Not all of their calls got through.
The cellphone and landline phone traffic became so heavy Thursday that British wireless powerhouse Vodafone Group PLC, with nearly 15 million subscribers, posted a note on its website asking "all of our customers in Central London to avoid making unnecessary or lengthy phone calls."
Why does this happen? Volume. All networks — landlines, cellphones and wireless data nets — can become overloaded simply because they weren't designed to handle a major surge in calls at once.
"Different systems in different locations will have different limits, so there is no hard and fast design number," explained Bernard Becker, a network analyst for an applications service provider to the financial services industry.
Most phone companies use Mother's Day as a yardstick in measuring their peak usage, one analyst says. But a terrorist attack could multiply the demand by a factor of 10, as the attacks on the World Trade Center did in 2001.
When each network reaches capacity, Mr.
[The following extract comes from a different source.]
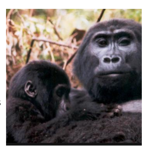
Baby gorillas drink milk from their mothers for the first 3 years of their lives.

Mountain gorillas are born one baby at a time. Gorilla babies weigh about 3-4 pounds when they are born [the same as 2 bags of sugar]. They learn to crawl at about 2 months old and walk by the time they are 8-9 months old.

Becker added, callers would be turned away by a recorded voice or what telephone people call the "fast-busy signal."
"Systems don't really crash, they just slow down," he said.
A phone network is like a city street, he added. "Everyone's allowed to drive down it, but not everyone in town can drive on it at the same time."
All telephone providers work on the same principle, said David Gilbert, a systems engineer for EiCatalyst, which installs networks for businesses. They estimate the normal volume of calls they expect their subscribers to make, and then purchase a little bit more capacity than that from the networks they use. Systems are usually designed for 15 per cent of the subscriber capacity, he said, and businesses at 50 per cent — meaning that at any one moment, 15 per cent of a company's residential subscribers can make a call, or half the business subscribers.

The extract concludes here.